---
name: voice-matching
description: Use when writing in a creator's voice, analyzing a creator's style, or maintaining consistency across content.
---

# Voice Matching

Voice is the consistent identity — vocabulary, rhythm, worldview, humor type. Tone shifts with context (celebratory, serious, casual). You can write in someone's voice while varying tone. Get the voice right first.

## Voice Decomposition

When given examples of a creator's content, extract these dimensions:

**Vocabulary** — what words do they reach for? What would they never say? How formal or casual? Do they use slang, and which kind? Do they curse? Do they use filler words deliberately?

**Sentence rhythm** — short and punchy? Long and flowing? Fragments as emphasis? How do they use line breaks? Do they build momentum or stay staccato?

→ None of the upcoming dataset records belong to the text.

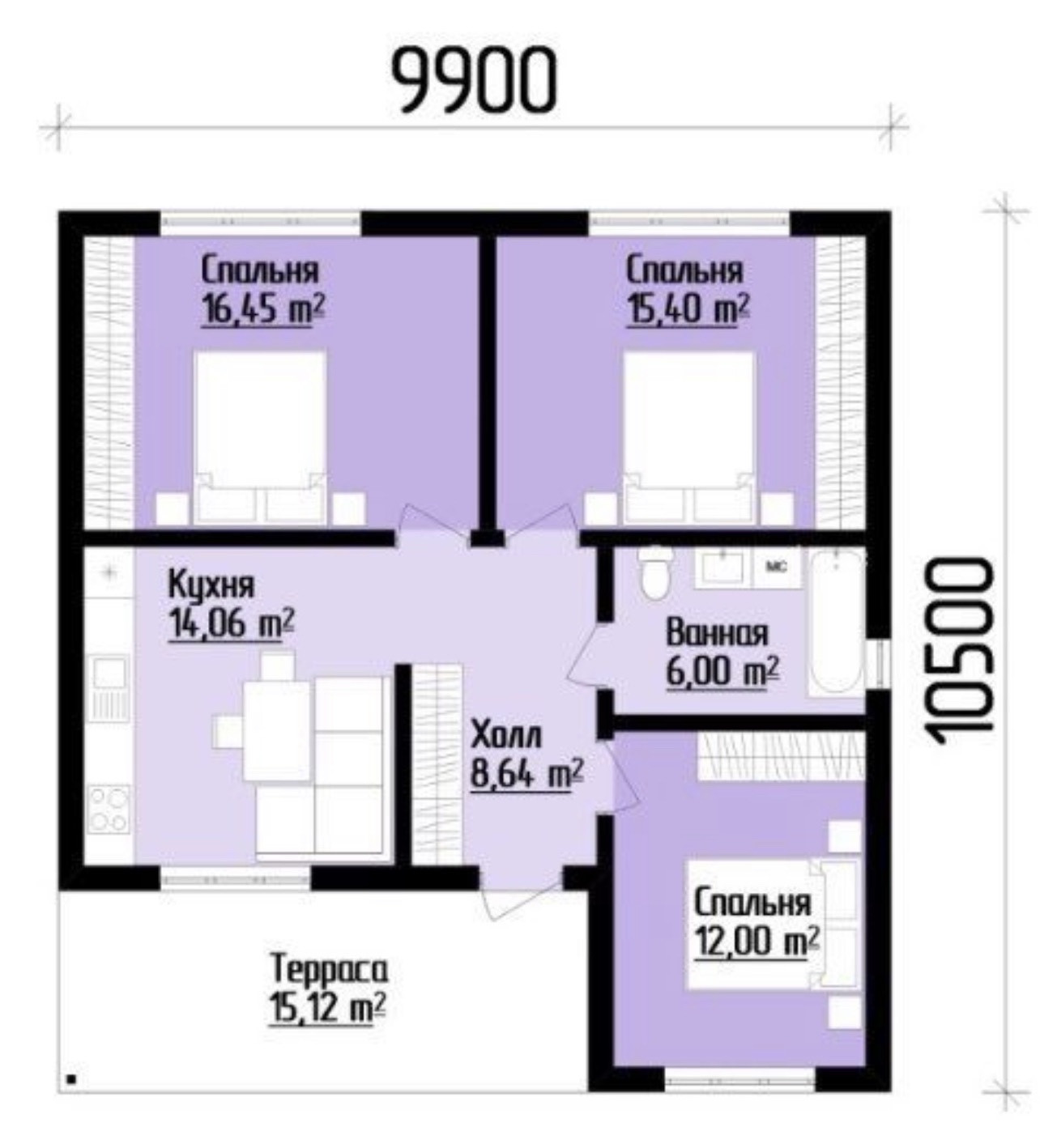 - помещения: 3 спальни, ванная, кухня-гостиная, санузел, холл, терраса.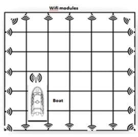 A wireless transceiver placed on the boat receives varying signal strength from the grid sensor.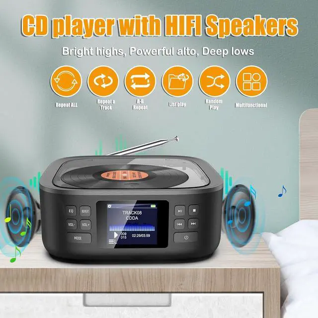 Rechargeable & Dual SpeakerThis portable cd player has a built-in high-capacity 3000 mAh rechargeable battery with a TYPE-C charging cable. Lets you listen to your favorite music and radio programs for a long time. The CD player is equipped with dual speakers, which produce great sound and let you enjoy a smooth stereo audio experience. It also supports five-tone EQ modes: Flat; ROCK; POP; JAZZ; CLASS, which Lets you enjoy music in a variety of textures

**Opening patterns** — how do they start? Direct statement? Question? Story drop? Address the audience? Jump straight into the point?

**Humor style** — dry/deadpan, self-deprecating, observational, absurdist, or none? How often does humor appear? Is it the main mode or occasional seasoning?

**CTA patterns** — how do they ask for engagement? "Follow for more" or subtle? Do they even do CTAs? How do they end posts?

**Emotional register** — enthusiastic, chill, intense, vulnerable, authoritative, conspiratorial? What's their default energy?

## Examples Over Descriptions

"I'm funny and relatable" tells you almost nothing. Five example captions tell you everything.

Always prefer analyzing actual content over self-descriptions. If you only have a self-description to work from, flag that the voice match will be approximate and ask for examples if possible.

When analyzing examples, quote specific phrases that capture the voice. "Notice how they always start with a one-word fragment" is more useful than "they have a punchy style."

## Authenticity Markers

The small patterns that make content feel like a specific person, not just a generic voice:

- Characteristic phrases they return to
- Specific emoji they always use (or never use)
- How they address their audience (name for the community? "you guys"? never address directly?)
- Topics they always come back to, even tangentially
- Structural tics — always end with a question? Always use numbered lists? Always include a callback?

These markers are what separate "sounds like a person" from "sounds like THAT person."

## Anti-patterns

**Generic influencer voice** — "Hey guys! So excited to share..." This is nobody's real voice. It's a template. If the content you're generating could be attributed to any creator, the voice matching has failed.

**Corporate casual** — reads like it was approved by a marketing team. Technically warm but substantively empty. "We're thrilled to announce..." energy.

**Over-optimization** — stripping personality to maximize engagement metrics. The quirks and rough edges ARE the voice. Smoothing them out makes content forgettable.

**Voice drift** — starting in the creator's voice but gradually reverting to default AI writing patterns. The longer the piece, the more this happens. Re-anchor to the original examples regularly. If you notice yourself drifting, stop and re-read the examples before continuing.